I was quickly learning that playing by the rules didn't work in this school. I wished it hadn't come to this, but now, I had to take care of business, Samara Nicole style. I had another thirty minutes until detention ended, so I needed to act fast.
Once my sentence ended, I stormed into the gymnasium, absorbing the echoic blare of bouncing balls and squeaking sneakers. The smell of hot funk and industrial cleaner almost knocked me out. This was the guys' turf, and I made it a point to never invade this domain, unless absolutely necessary.
Malik raced along the court, doing off-season relay drills with the rest of his team when I called for him. Sporting a fiendish grin, he called a time-out, then met me halfway.
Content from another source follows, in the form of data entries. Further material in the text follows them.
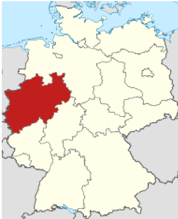
نۆردراين فيستفالن له سەر نه خشي ئه لمانيا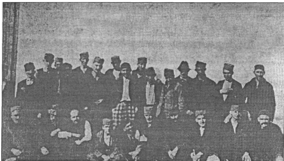
Припадници партизанског покрета из таковског краја у логору Крагујевац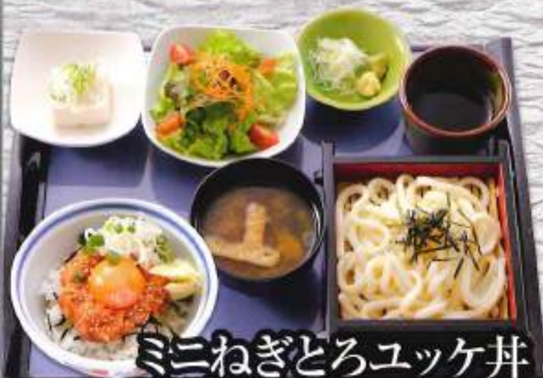
ミニねぎとろユッケ丼 満腹セット ¥950 (税込1,045円)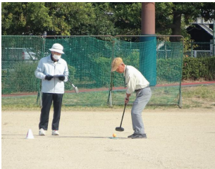
④暑い戦いが繰り広げられた軽スポーツ大会 ⑥館外研修で香川県普通寺へ ※共に昨年度の様子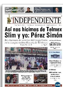
Así nos hicimos de Telmex Slim y yo: Pérez Simón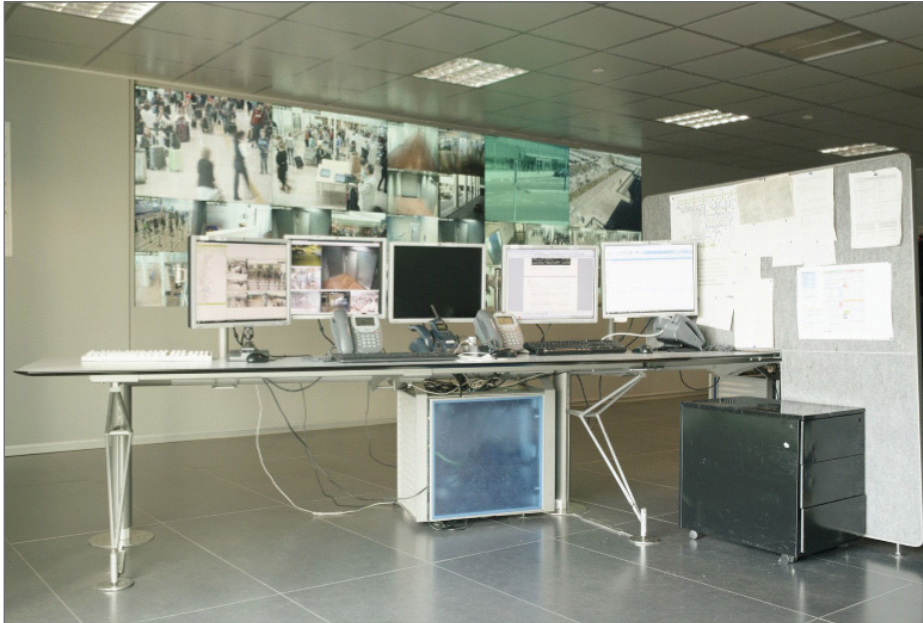
Fig. 1, 2 y 3. Paula Artés, L.2/86. 2016. Fotografía.

En este caso, las respuestas son tanto afirmativas como negativas, y ahí se demuestra este posicionamiento de indefinición. La artista había contado finalmente con la colaboración y apoyo de la Guardia Civil ya que el valor propagandístico de estas fotografías también atestiguan la función que cumplen dichos trabajadores minusvalorados por su invisibilidad. Si la crítica parece ser dignificadora, más bien es todo lo contrario.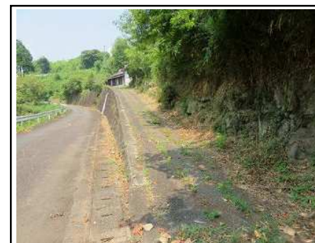
物件までの進入道路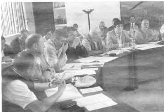
||| Maratoni ülés után népszavazást írnak ki

A határozat értelmében a népszavazásra 2012. március 11-én kerülne sor.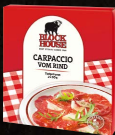
Carpaccio Art.-Nr. 21019 Inhalt 2x 80 g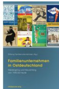
Familienunternehmen in Ostdeutschland Ladenpreis: 35,00EUR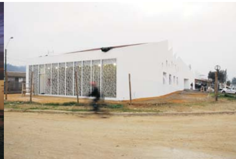
Biblioteca Pública de Licantén, Arquitecto UFT Enrique Browne C.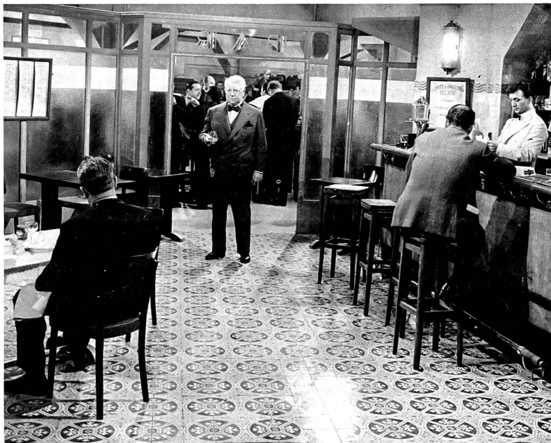
Jean Gabin als abgebrannter Pseudo-Gentleman, etwas müde geworden, im Film "The Gentleman d'Epsom"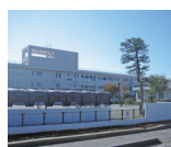
鏡が沖中学校 徒歩8分 約580m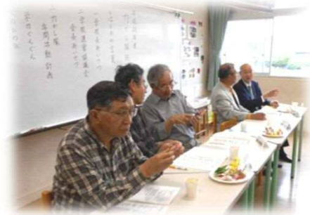
南っ子力かし隊総会

He didn't get a chance to speak before an upper cut to the jaw knocked the taste out of his mouth.
“You lying son of a bitch!” I yelled. “Why are you spreading rumors about me, you evil—”
“Whoa! What the hell is your problem?” He tumbled back, struggling to gain his footing as his partners rushed in on the scene.
“What's my problem? You're telling everyone we're having sex, and you know good and well it's not true!”
His hand shot out and caught my wrist before I delivered another blow.
“Says who?” he challenged. Dude didn't even own the decency to deny it.